This section introduces methods for composing and controlling asynchronous operations in Condy. These methods provide support for certain io_uring features, enabling richer semantics and finer-grained control over program flow.
Condy provides a set of combinator functions to compose multiple asynchronous operations, allowing you to express complex async logic in an intuitive way.
You can use condy::when_all() or condy::operators::operator&& to wait for a group of operations to all complete. All operations will start concurrently, and the coroutine resumes when all have finished.
condy::when_all() can accept multiple different Awaiters as input, or a container of Awaiters of the same type.
The following example reads user input and writes the data to both a file and standard output concurrently.
#include <condy.hpp>
condy::Coro<int> co_main() {
using condy::operators::operator&&; // Import concurrent operator
int fd = co_await condy::async_openat(AT_FDCWD, "result.txt",
O_WRONLY | O_CREAT, 0644);
if (fd < 0) {
co_return 1; // Fail to open file
}
char buffer[128];
size_t offset = 0;
while (true) {
int r =
co_await condy::async_read(STDIN_FILENO, condy::buffer(buffer), 0);
if (r < 0) {
co_return 1;
} else if (r == 0) {
break; // EOF
}
// Concurrently write to stdout and file
auto [r1, r2] = co_await (
condy::async_write(STDOUT_FILENO, condy::buffer(buffer, r), 0) &&
condy::async_write(fd, condy::buffer(buffer, r), offset));
if (r1 < 0 || r2 < 0) {
co_return 1;
}
offset += r;
}
co_return 0;
}
int main() { return condy::sync_wait(co_main()); }You can use condy::when_any() or condy::operators::operator|| to wait for any one of a group of operations to complete. All operations start concurrently, and once any operation completes, the others are cancelled.

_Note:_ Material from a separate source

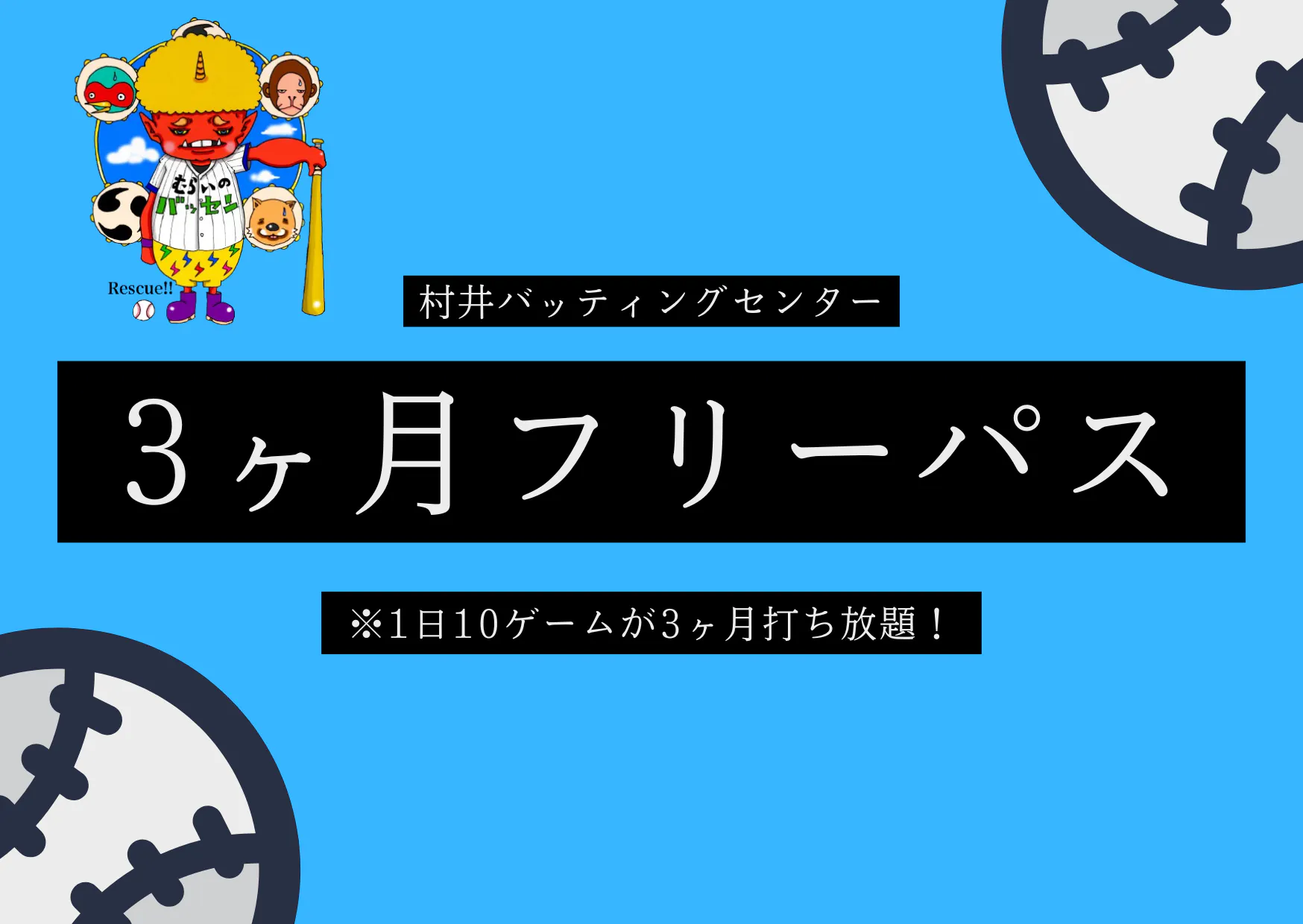 - 3ヵ月間好きなタイミングで好きなだけ村井のバッセンを楽しんでいただけるフリーパスをご用意いたしました。

The parameter types accepted by condy::when_any() are the same as those for condy::when_all().
Note
condy::when_any() does not guarantee that only one operation will complete, but it only returns the result of the first completed operation. If you need the results of all completed operations, see condy::parallel() in later sections.
The following example waits for user input, and exits if there is no input within 5 seconds.
#include <condy.hpp>
condy::Coro<int> co_main() {
using condy::operators::operator||; // Import racing operator
// Set a 5-second timeout
__kernel_timespec ts = {
.tv_sec = 5,
.tv_nsec = 0,
};
char buffer[128];
while (true) {
// Wait concurrently for input or timeout
std::variant<int, int> res = co_await (
condy::async_read(STDIN_FILENO, condy::buffer(buffer), 0) ||
condy::async_timeout(&ts, 0, 0));
// Timeout
if (res.index() == 1) {
int r = co_await condy::async_write(
STDOUT_FILENO, condy::buffer(std::string("Bye!\n")), 0);
co_return r < 0 ? 1 : 0;
}
// Normal input
int r = std::get<0>(res);
if (r < 0) {
co_return 1;
}
r = co_await condy::async_write(
STDOUT_FILENO, condy::buffer(std::string("Got it!\n")), 0);
if (r < 0) {
co_return 1;
}
}
}
int main() { return condy::sync_wait(co_main()); }The push() and pop() methods of condy::Channel are also asynchronous operations, so they can be passed to condy::when_any(). This allows condy::Channel to be used as a signal slot for cancellation.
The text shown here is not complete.